Blame the force intrinsic to the spring's compression, and think how much compression happened in each case. F = ma, Petroski reminds us; force is mass multiplied by acceleration, the equation familiar to science and engineering students everywhere. So, a lesser force on the same mass produces less acceleration. Now you can explain your ballpoint rocket's respective launches.

Petroski sees force in everyday objects, including coils of spring, and regales us with their stories.

There's a lot else in this book. Part of its charm is in how Petroski riffs from science into utterly unexpected areas.

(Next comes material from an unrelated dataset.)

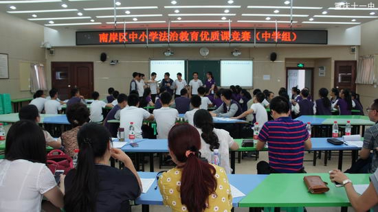 为深入贯彻党的十八届四中、五中全会关于依法治国精神,全面落实依法治校、依法治教的要求,进一步推动法治教育“进学校、进课堂、进师生”,为全区中小学法治教育教学提供展示交流平台,促进法治教育理念和教育教学方式更新和发展。南岸区教委、南岸区人民法院联合开展的南岸区中小学首届法治教育课于6月21日在重庆市第十一中学校隆重举行。

Check his explanation for supermarket layouts, as pioneered by the founder of the Piggly Wiggly chain – including speculation on that name itself. But part of it is also in how Petroski sees force in every direction, and regales us with its particular story, every time.

Which is how he got me thinking about my little rocket game, and the way I rush from a flight. I'm not complaining, though I promise to be more leisurely after my next flight.

Once a computer scientist, Dilip D'Souza now writes on mathematics, among other things.